Robert Shireman, former DoE regulator under the Obama administration, obtained details of the Kaplan agreement through a FOIA request. In 2017, he published an article on the Kaplan-Purdue deal in the Chronicle of Higher Education:
Going forward, Kaplan’s role with Purdue will be akin to that of an online program management company, or OPM, but on steroids.
The list of responsibilities on the Kaplan side of this partnership is unusually long, including editorial services, marketing and advertising; front-end student advising; admissions support services; international student recruitment; test preparation; technology support; business office; financial aid and student finance; human resources; facilities and property management; finance and accounting; and general administrative functions.
Former for-profit efforts in the marketing, counseling, and advertising at these universities were precisely what drew the criticism of regulators.
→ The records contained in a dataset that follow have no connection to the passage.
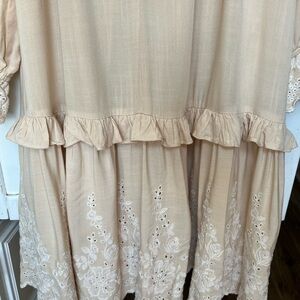 Craving embroidery? We love the delicate stitched detail on this classic bohemian mini dress. With flirty details like a ruffle-trimmed tiered skirt and an embroidered ruffled cuff. Perfect for Spring, this versatile style can be dressed up with a heeled sandal or dressed down with a tennis shoe.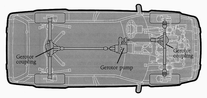 Center Differential: Gerotor pump-applied disc clutch with low-range lock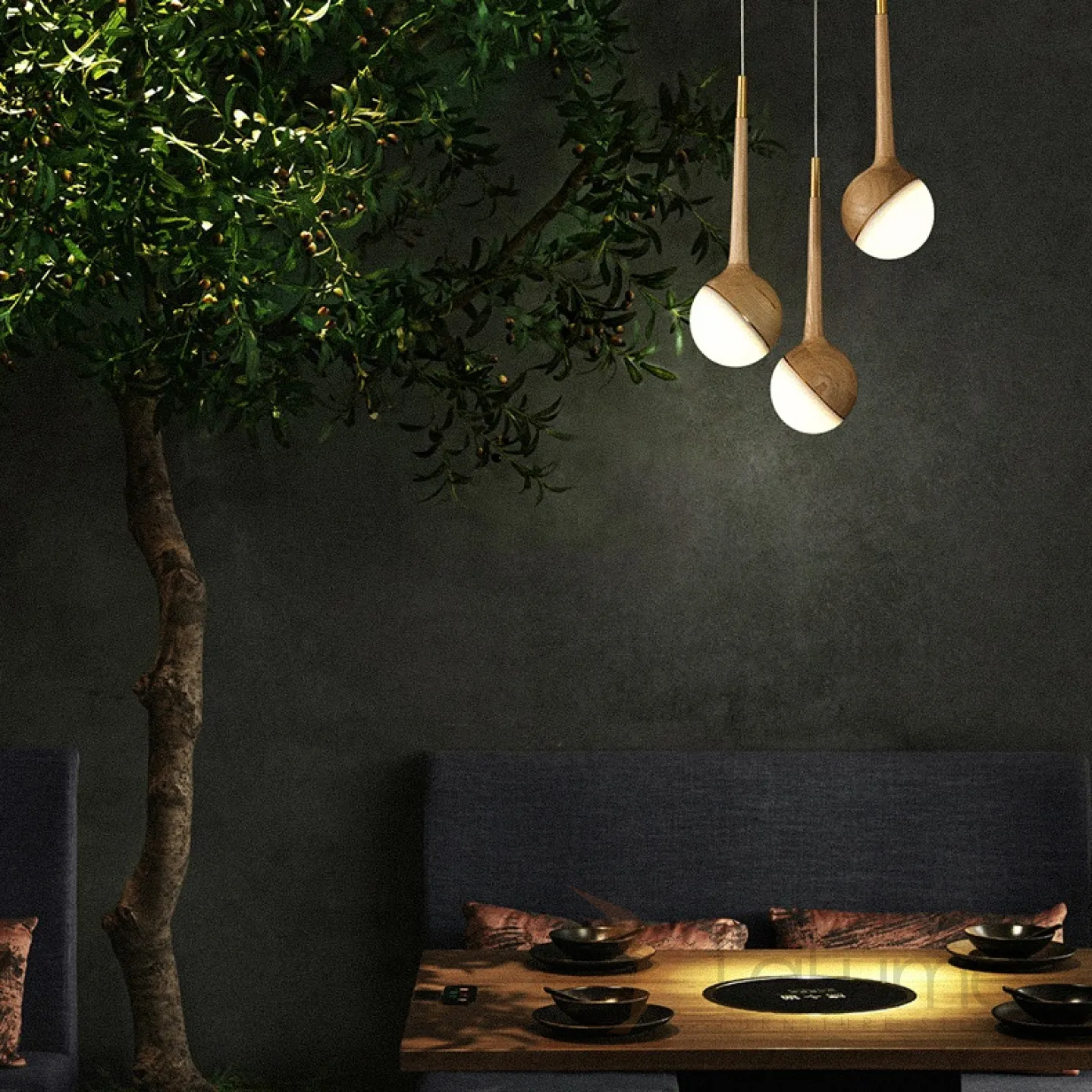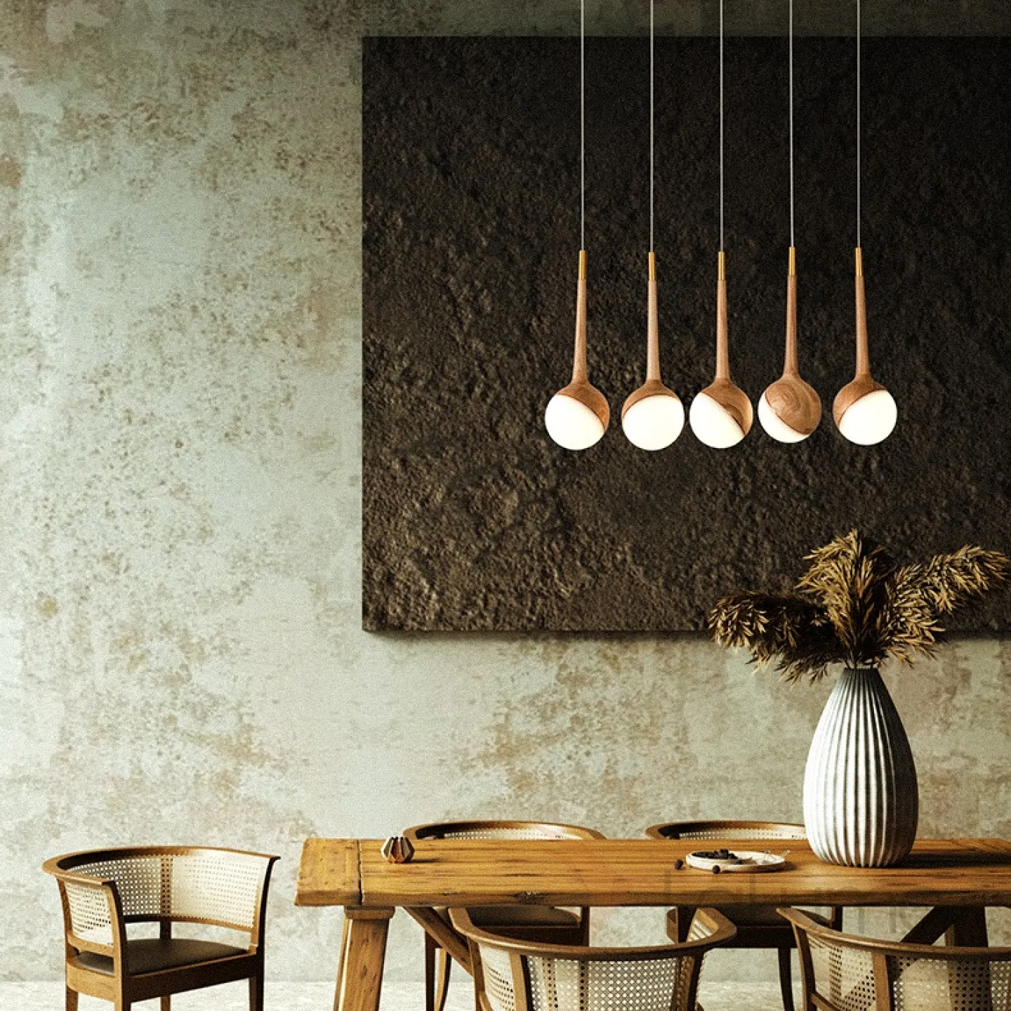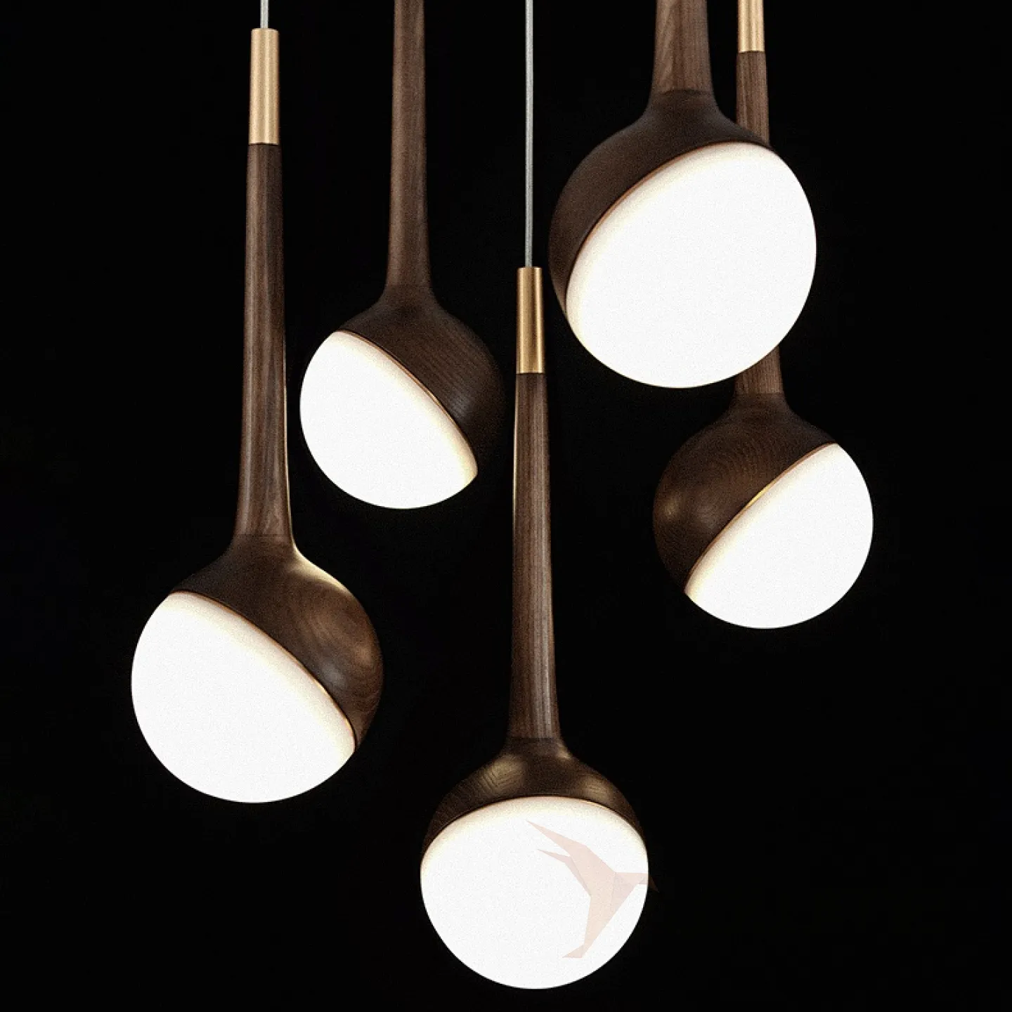 Готовая комбинация светодиодных светильников с шарообразными плафонами внутри деревянного каркаса AGNIS MORE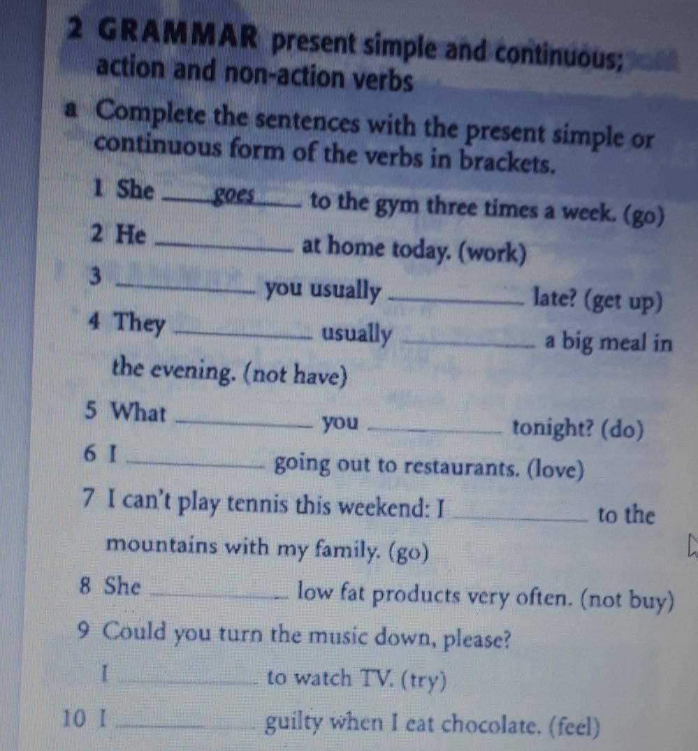 Complete the sentences with the present simpl or continuons form of the verbs in brackets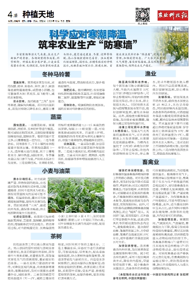 当前寒潮降温天气来袭,农业生产面临严峻考验。各领域需精准施策,科学防御。种植业要分类护苗,小麦油菜需灌水补墒、化调促弱,马铃薯做好覆盖与排水,蔬菜通过覆盖、冬灌、设障等保暖,高山茶园提前防范冻害。渔业需强化保温增氧,圆形池、水槽养殖适时停喂控水,池塘养殖加深水位、搭建大棚。畜禽业重点筑牢栏舍“保温盾”,优化饲养管理,加强疫情巡查。广大农户应紧盯天气预警,落实防寒措施,最大限度降低寒潮影响,保障农业生产稳定。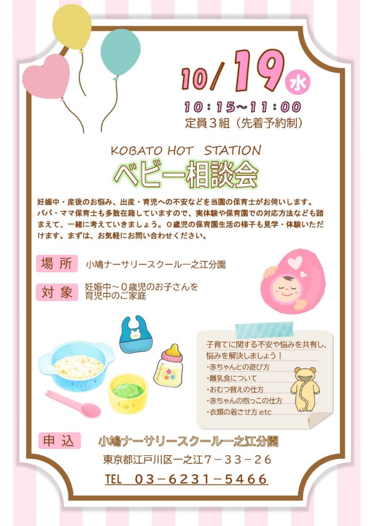 小鳩ナーサリースクール一之江分園では、地域子育て支援として【こばと ほっと ステーション】をスタートいたしました。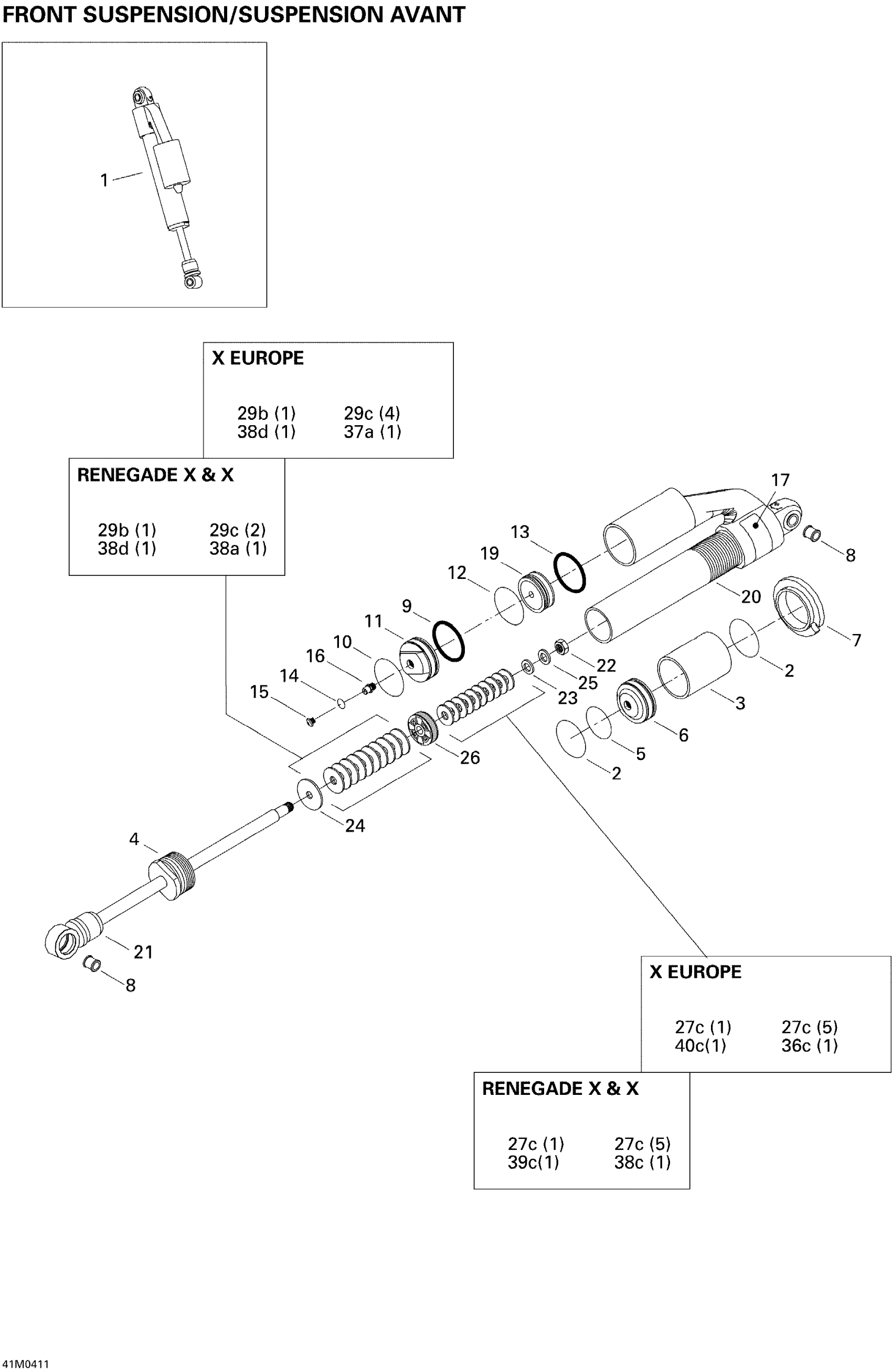 Ski-Doo MX Z 600 HO SDI, 2004 Front Take Apart Shocks Diagram

The fraud generally committed by for-profits involved misleading students about what the institution could offer them, misleading them about the success of their graduates, and about their ability to pay off student loan debt. And, as Corbett observed, employees at all levels were tasked with recruiting new students at any cost. It was these practices that, some say, brought about such high rates of student loan default among for-profit borrowers.
As Shireman paraphrased for the Denver Post, “Most of the recent conversions of for-profits to nonprofits have been wolves in sheep’s clothing.”